Turns out the set of states td_thr_get_info returns isn't very
complete:

 td_thr_get_info ()
 {
   if ((((int) (uintptr_t) cancelhandling) & EXITING_BITMASK) == 0)
     /* XXX For now there is no way to get more information.  */
     infop->ti_state = TD_THR_ACTIVE;
   else if ((((int) (uintptr_t) cancelhandling) & TERMINATED_BITMASK) == 0)
     infop->ti_state = TD_THR_ZOMBIE;
   else
     infop->ti_state = TD_THR_UNKNOWN;
Comment 1 Pedro Alves 2014-12-12 18:06:40 UTC
I'll add a special case to GDB: ignore threads with ti_lid == -1.
Comment 2 Pedro Alves 2014-12-16 14:41:52 UTC
I've investigated this some more.

I noticed that the thread's state is not actually TD_THR_ACTIVE just after the thread is joined, before the thread is removed from the thread list, here,
in the code I pasted before:

nptl/pthread_join.c:
pthread_join ()
{
...
  if (__glibc_likely (result == 0))
    {
      /* We mark the thread as terminated and as joined.  */
      pd->tid = -1;
...
     /* Free the TCB.  */
      __free_tcb (pd);
    }


But, I _am_ seeing TD_THR_ACTIVE threads with pd->tid == -1.
Turns out that nothing in __free_tcb clears pd->tid.  So later on, when a new thread reuses the old thread's tcb/stack, the new thread will start out with tid==-1 (reused from the old thread), up until the kernel actually starts the new clone and fills in tid (CLONE_CHILD_SETTID), and it's _that_ thread that has TD_THR_ACTIVE state.  I don't think a new state for when the thread is already listed in the thread list but doesn't have a kernel clone associated yet could help here, as a debugger can always attach between glibc changing the thread state and the kernel filling in the clone's tid.

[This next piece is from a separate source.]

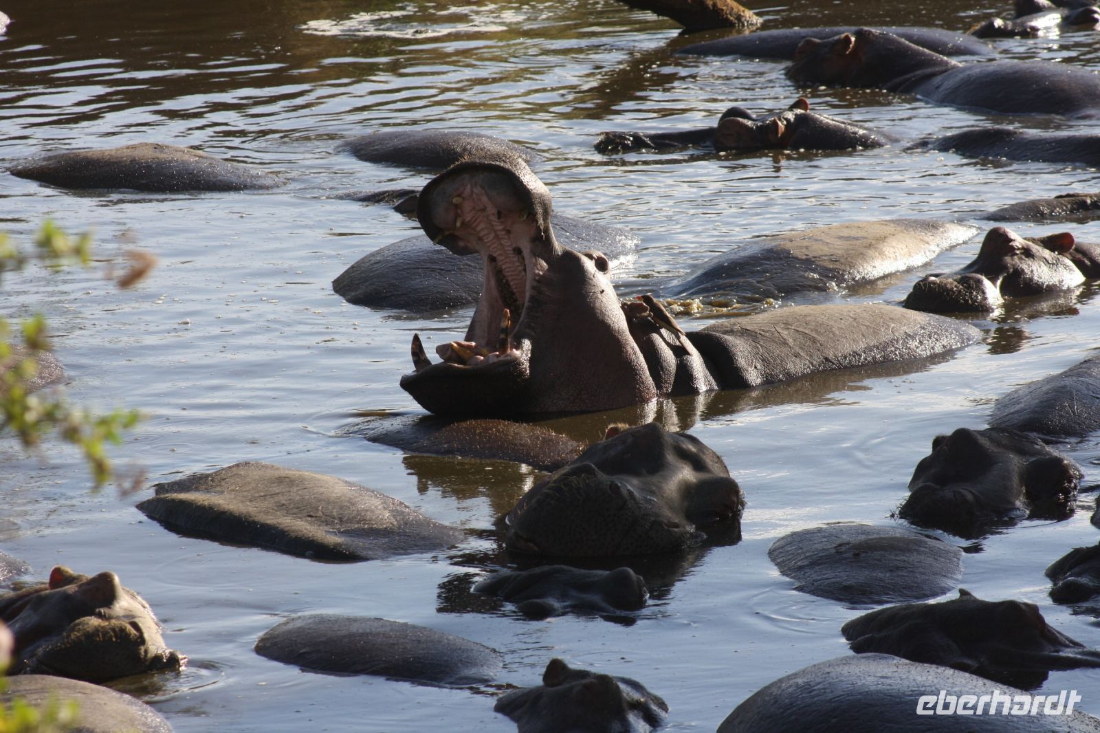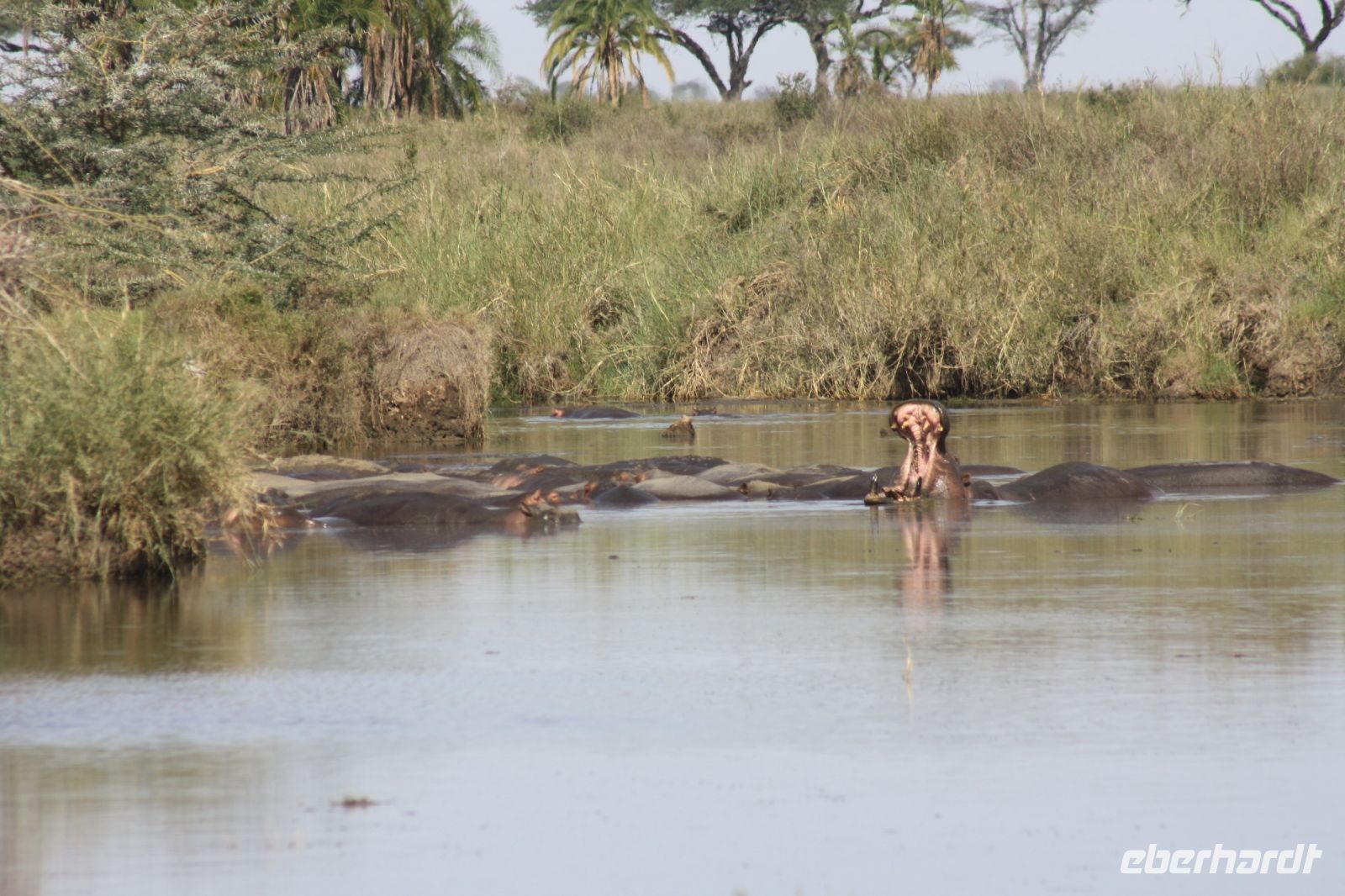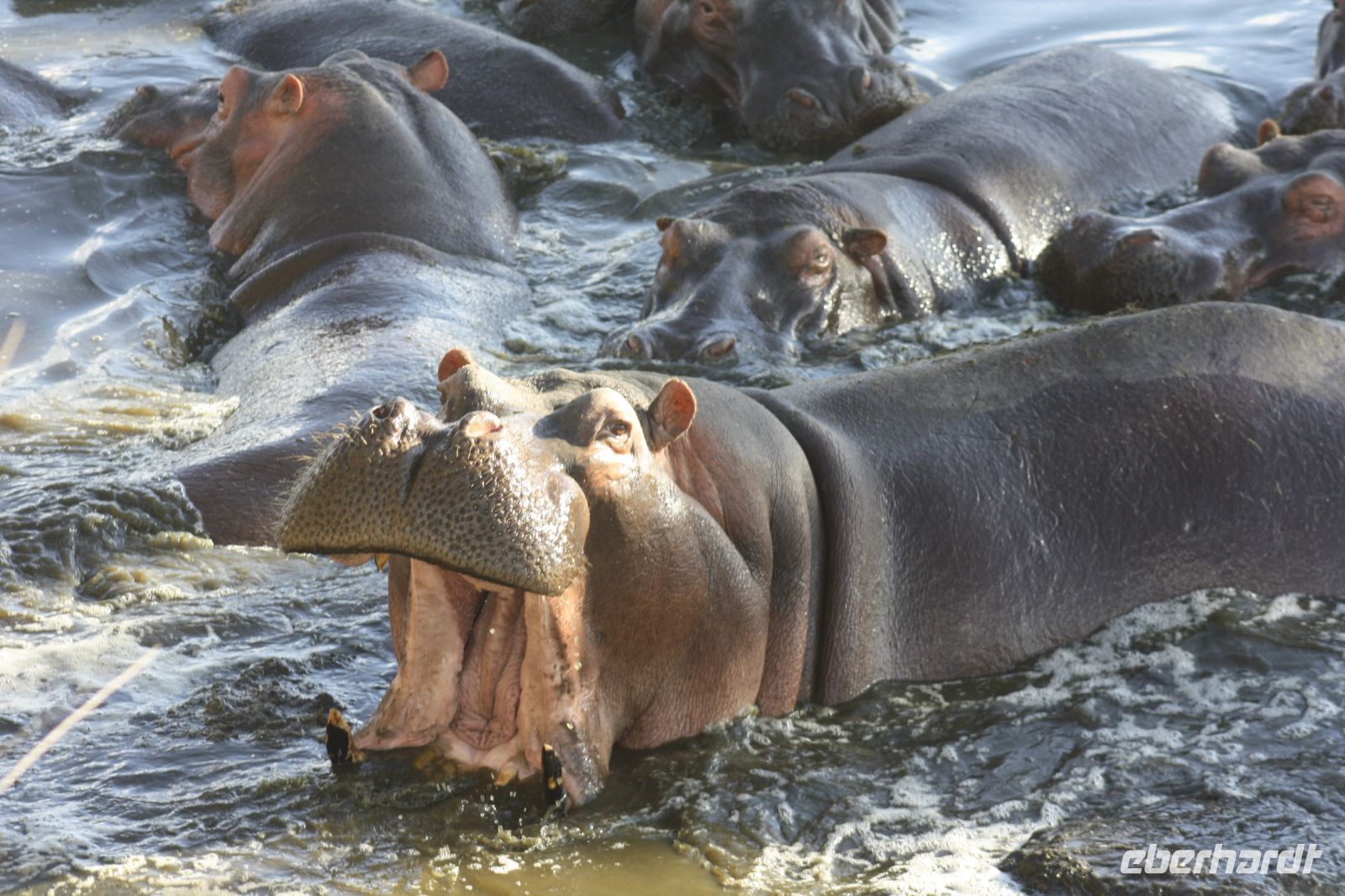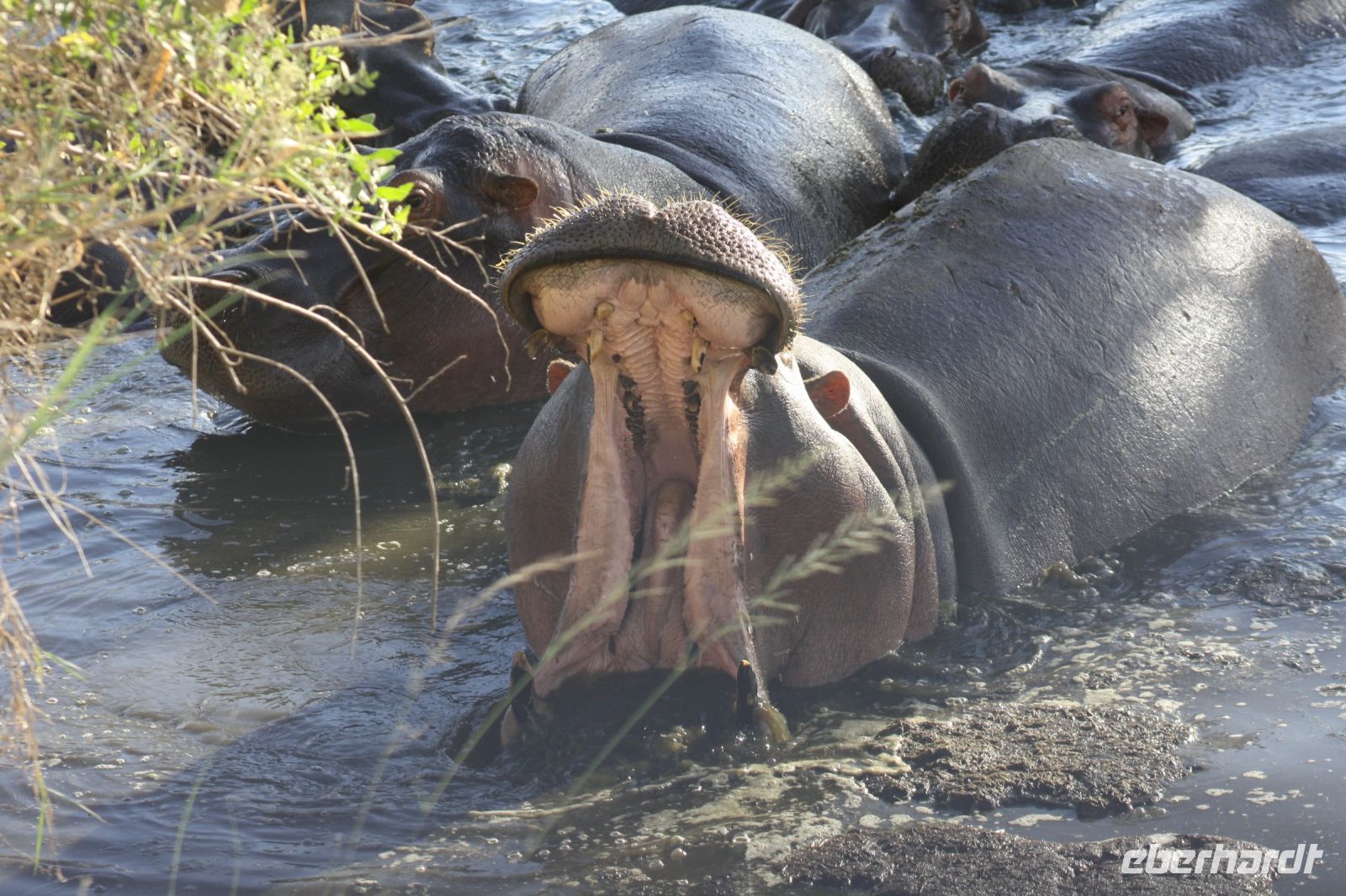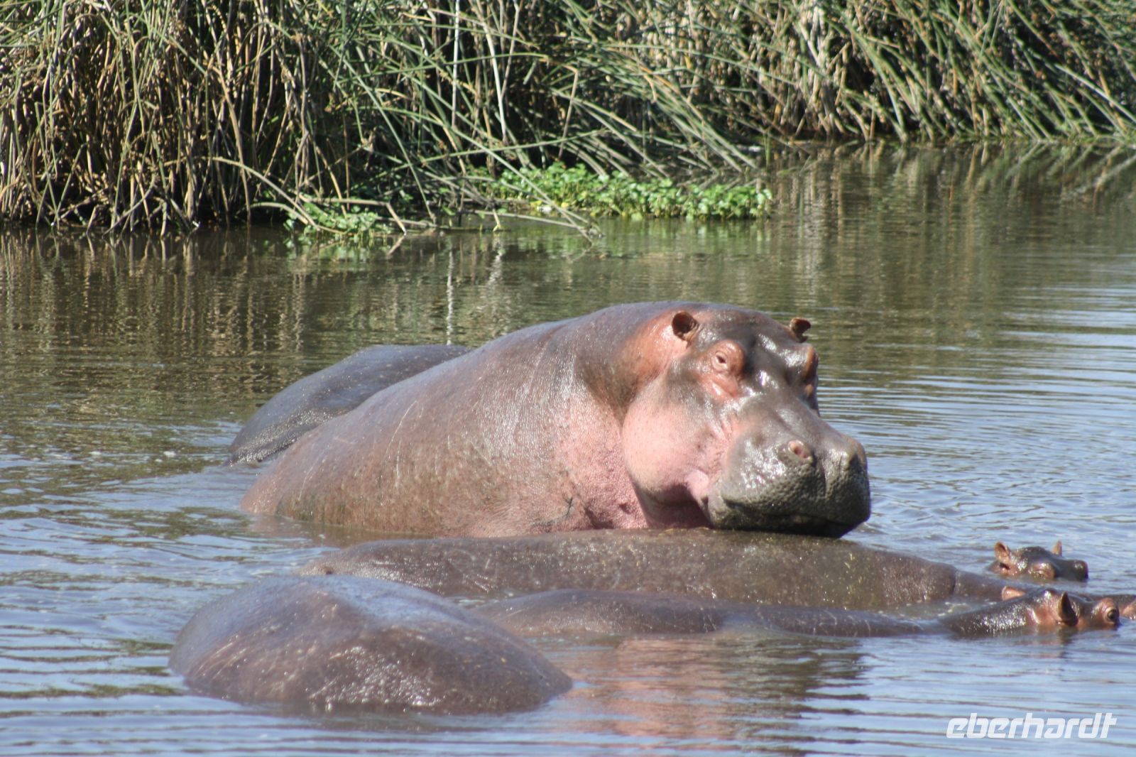 Leider stand heute ein letztes gemeinsames frühes Frühstück auf dem Programm. Leider mussten wir heute Abschied von unserem Lieblingscamp nehmen, wo wir mit viel Herzlichkeit und Gemütlichkeit empfangen wurden. Bevor wir zum Flughafen fuhren, stand noch eine abschließende Pirschfahrt an. Bereits vom Frühstück aus konnten wir einen Hippo entdecken, der an unserem Camp vorbei spaziert. Ein Heißluftballon grüßte uns aus der Ferne und wir bekamen bereits Fernweh.

This made me wonder what happens if a detached thread's tcb/stack is reused.  Or, if a new stack is allocated for a new thread, instead of reused, and gdb lists threads before the kernel spawns the new clone.  In that case, the thread's tid field starts out as 0.  So I thought that just like GDB can see threads with tid=-1, it should also find them with tid=0 as well.  But, turns out it doesn't, because nptl_db/td_thr_get_info.c:td_thr_get_info has this:

  /* Initialization which are the same in both cases.  */
  infop->ti_ta_p = th->th_ta_p;
  infop->ti_lid = tid == 0 ? ps_getpid (th->th_ta_p->ph) : (uintptr_t) tid;
                  ^^^^^^^^^^^^^^^^^^^^^^^^^^^^^^^^^^^^^^
  infop->ti_traceme = report_events != 0;

Eh.  So ti_lid (same as pd->tid inside the inferior) is never returned as zero.  Instead, for threads that are just being created, GDB is told that their kernel thread ID is the overall thread group id.  But this is wrong.  This can well confuse GDB if it decides to refresh its own thread's state cache (given NPTL's 1:1 model, gdb only keeps track of threads by their kernel ID...)

(I'm guessing that the intent here was that tid == 0 indicates that that this is the main thread and the pthread library isn't fully initialized yet, and so the tgid would be correct.)